Given material:
════
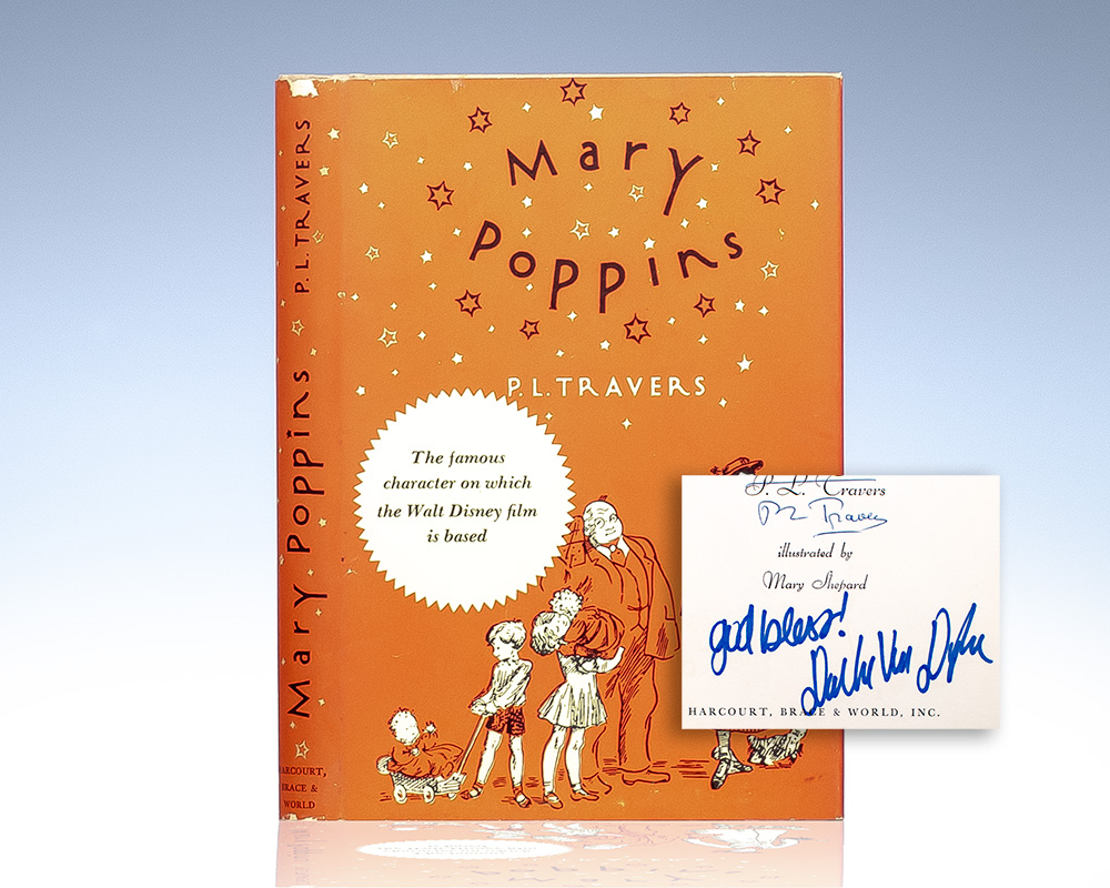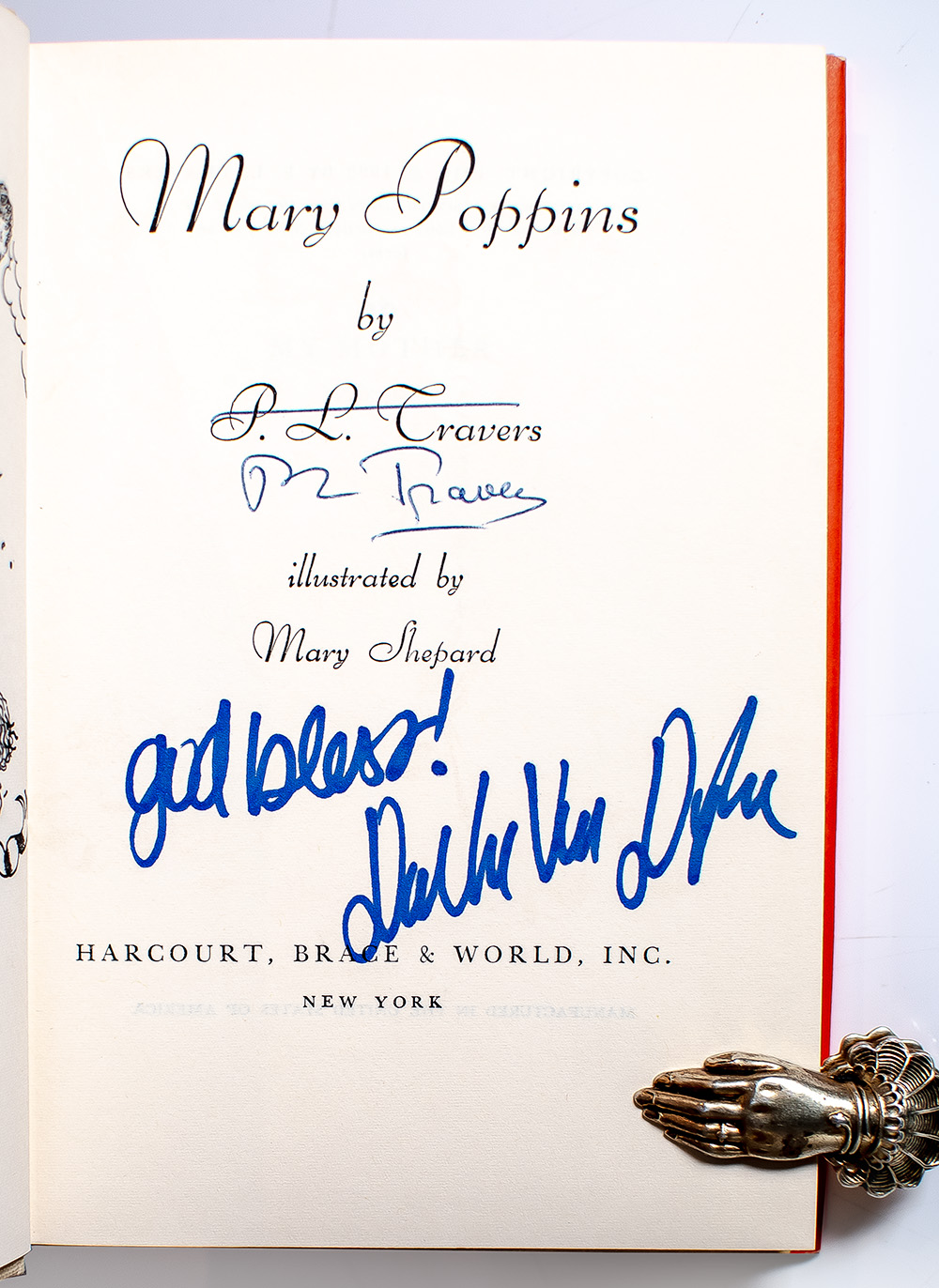 Later printing of this children's classic. Octavo, original cloth, illustrated by Mary Shepard. Boldly signed by P.L. Travers on the title page and additionally by actor Dick Van Dyke, who starred in the 1964 film adaptation. Fine in a near fine dust jacket. Rare and desirable signed by both Travers and Van Dyke.
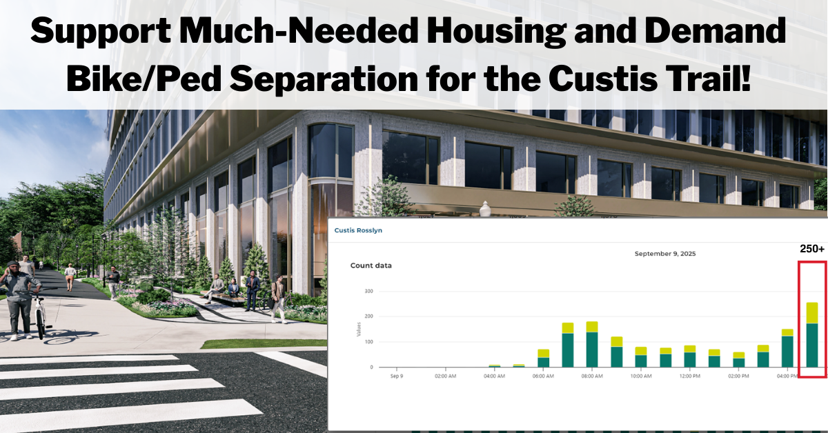 This section of the Custis sees the highest volumes (more than 250/hr on commute days with nice weather), so the 12' MINIMUM width recommended by the Custis Needs Report is insufficient in this location. We need to be building for future volumes, not today's volumes. This portion of the Custis should separate bikes from pedestrians - a 10' section for two-way bike traffic and a 6' wide section for two-way pedestrians, similar to the dual-trail cross-section of the W&OD in Falls Church.
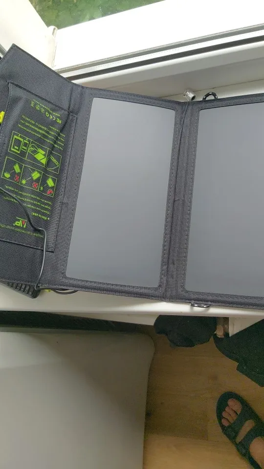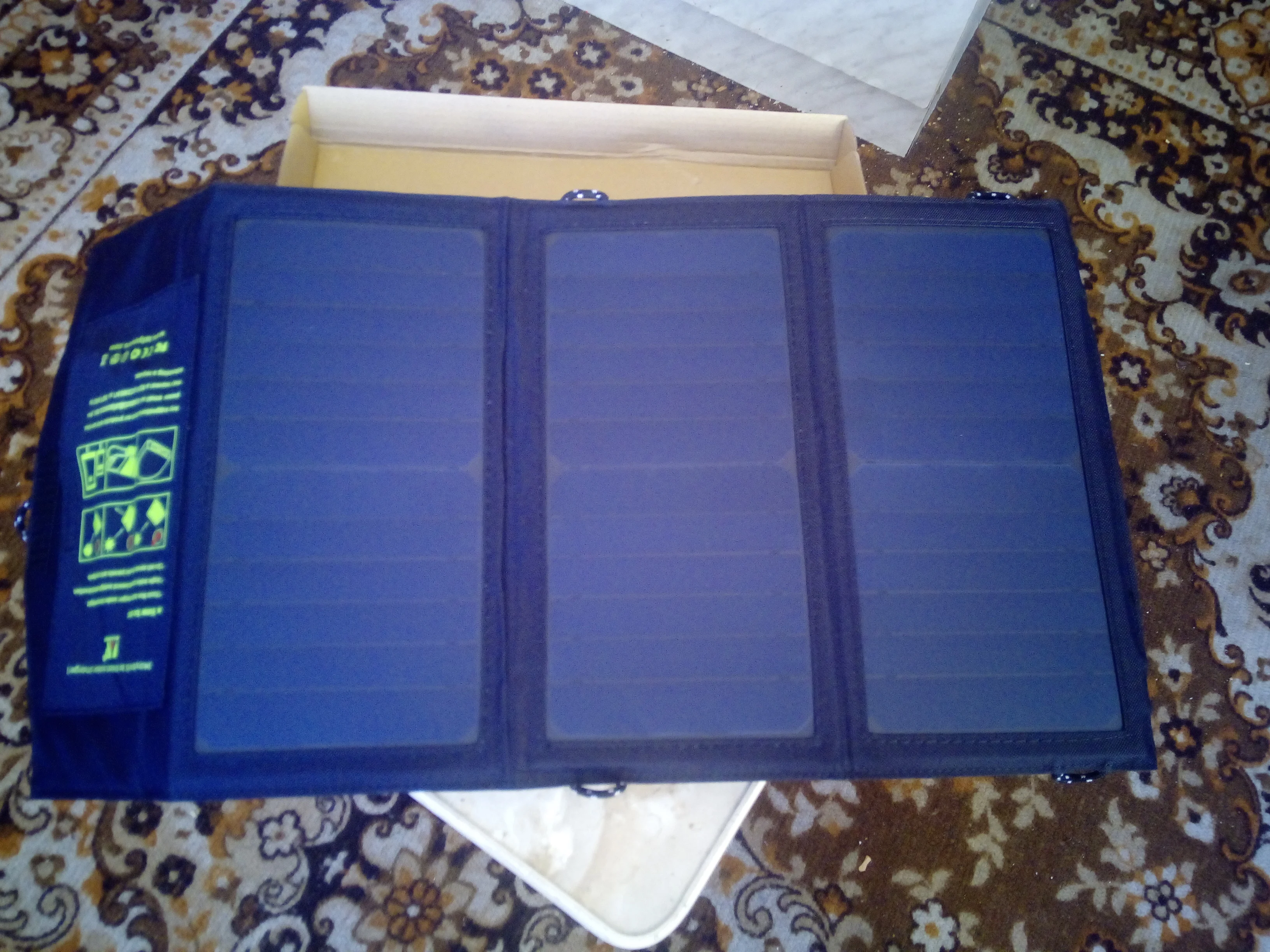 Панель выполнена качественно, складывается в довольно компактные размеры. На слабом солнце выдавала 0.5А, посмотрим когда будет яркое солнце. По обзорам может выдавать до 2.8А
════
What the exercise asks:
Repeat the listing word for word, omitting the pictures.

The completed task:
 Later printing of this children's classic. Octavo, original cloth, illustrated by Mary Shepard. Boldly signed by P.L. Travers on the title page and additionally by actor Dick Van Dyke, who starred in the 1964 film adaptation. Fine in a near fine dust jacket. Rare and desirable signed by both Travers and Van Dyke.
 This section of the Custis sees the highest volumes (more than 250/hr on commute days with nice weather), so the 12' MINIMUM width recommended by the Custis Needs Report is insufficient in this location. We need to be building for future volumes, not today's volumes. This portion of the Custis should separate bikes from pedestrians - a 10' section for two-way bike traffic and a 6' wide section for two-way pedestrians, similar to the dual-trail cross-section of the W&OD in Falls Church.
 Панель выполнена качественно, складывается в довольно компактные размеры. На слабом солнце выдавала 0.5А, посмотрим когда будет яркое солнце. По обзорам может выдавать до 2.8А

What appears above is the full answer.